What the task requires =
Only one span of the material below is wanted. Output it exactly, from the line with "The wife liked" through the line with "New never worn", without any pictures.

Data for processing =
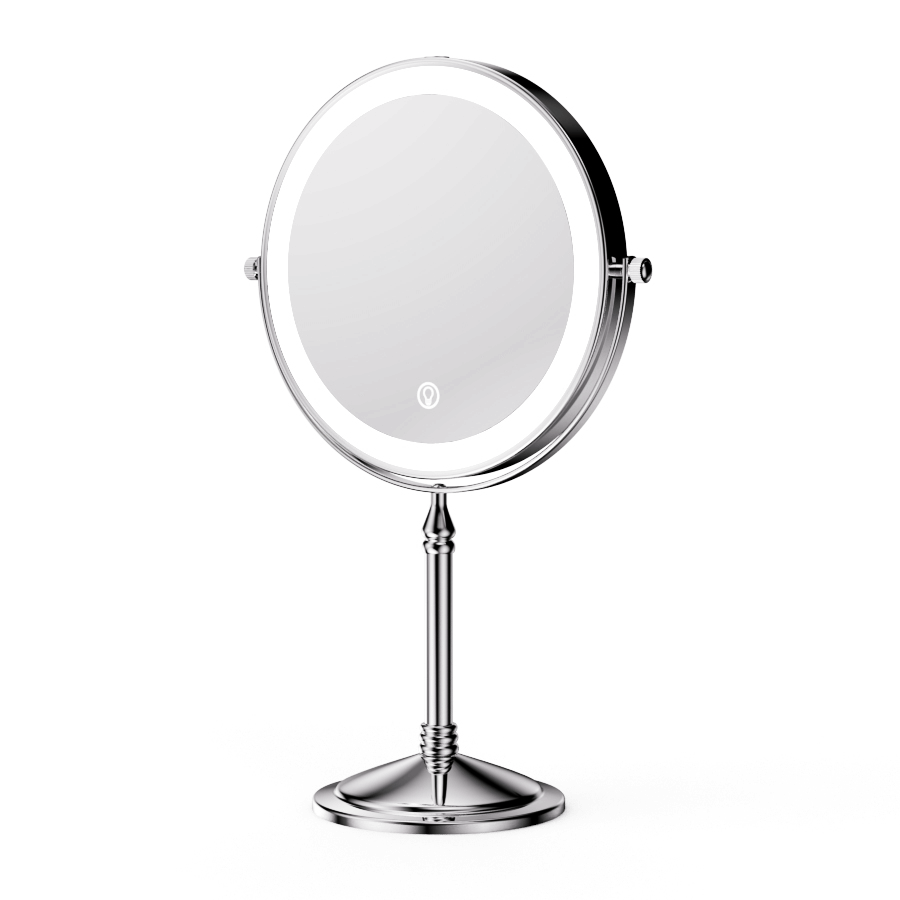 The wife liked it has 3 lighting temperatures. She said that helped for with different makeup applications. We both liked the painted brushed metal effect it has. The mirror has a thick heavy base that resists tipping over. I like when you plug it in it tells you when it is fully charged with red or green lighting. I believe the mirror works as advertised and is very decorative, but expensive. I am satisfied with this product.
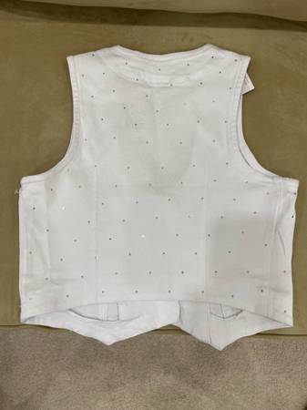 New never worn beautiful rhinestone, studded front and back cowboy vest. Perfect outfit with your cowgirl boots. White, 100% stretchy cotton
...
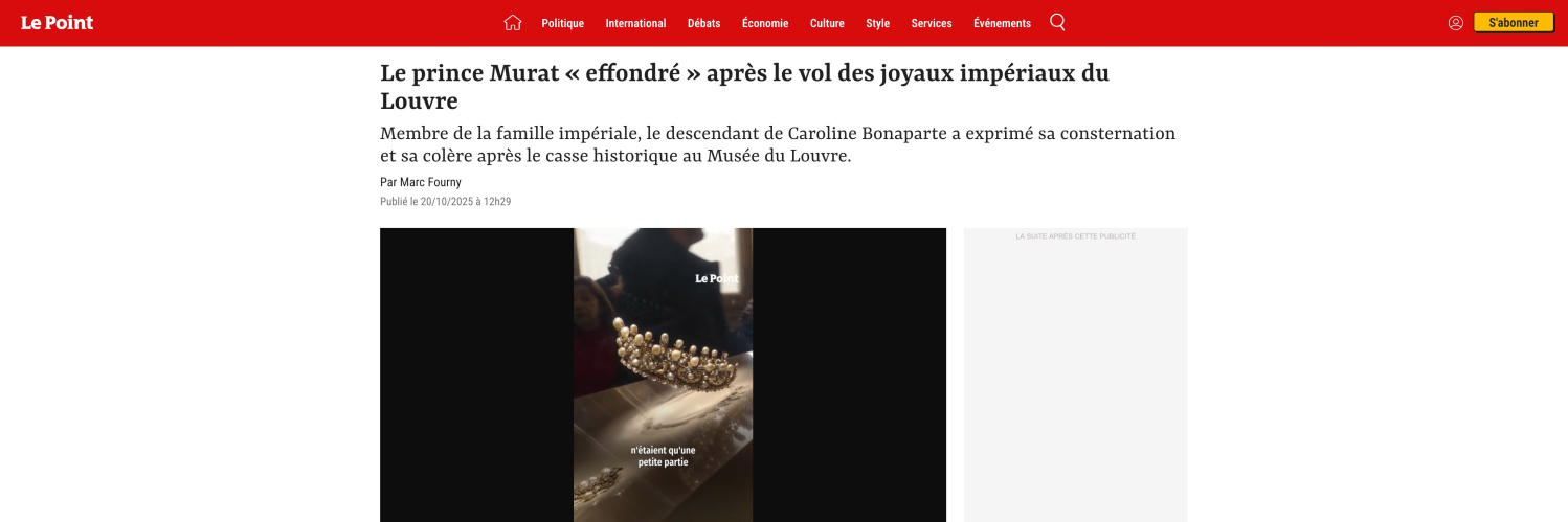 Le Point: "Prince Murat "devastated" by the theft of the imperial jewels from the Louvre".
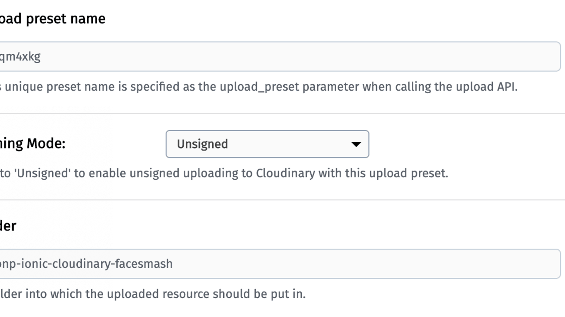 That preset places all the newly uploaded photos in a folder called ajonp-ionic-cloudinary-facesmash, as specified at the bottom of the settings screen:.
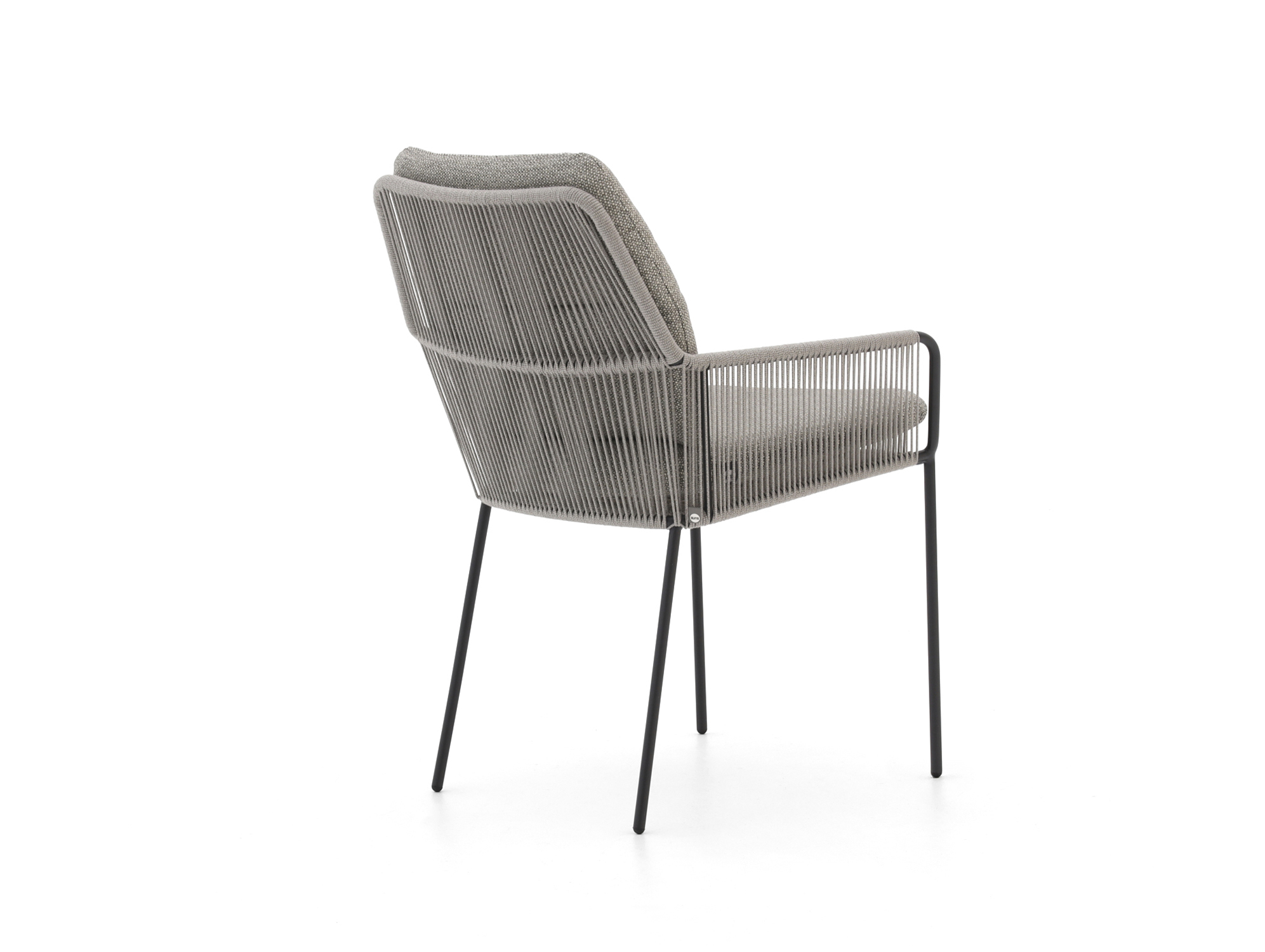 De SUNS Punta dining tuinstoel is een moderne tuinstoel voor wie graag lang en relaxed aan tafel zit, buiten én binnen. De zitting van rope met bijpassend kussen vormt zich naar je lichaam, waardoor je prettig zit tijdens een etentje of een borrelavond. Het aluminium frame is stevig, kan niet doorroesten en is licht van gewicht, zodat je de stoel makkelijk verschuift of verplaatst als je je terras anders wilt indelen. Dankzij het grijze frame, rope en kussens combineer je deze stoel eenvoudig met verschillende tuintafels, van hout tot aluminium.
--
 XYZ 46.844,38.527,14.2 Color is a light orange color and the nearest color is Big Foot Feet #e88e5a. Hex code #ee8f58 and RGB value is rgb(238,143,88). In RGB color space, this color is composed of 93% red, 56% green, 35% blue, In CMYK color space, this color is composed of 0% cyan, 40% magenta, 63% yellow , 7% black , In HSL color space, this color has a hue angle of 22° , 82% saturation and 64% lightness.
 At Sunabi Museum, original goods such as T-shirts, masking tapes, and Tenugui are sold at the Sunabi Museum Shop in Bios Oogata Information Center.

Solution for this exercise =
 The wife liked it has 3 lighting temperatures. She said that helped for with different makeup applications. We both liked the painted brushed metal effect it has. The mirror has a thick heavy base that resists tipping over. I like when you plug it in it tells you when it is fully charged with red or green lighting. I believe the mirror works as advertised and is very decorative, but expensive. I am satisfied with this product.
 New never worn beautiful rhinestone, studded front and back cowboy vest. Perfect outfit with your cowgirl boots. White, 100% stretchy cotton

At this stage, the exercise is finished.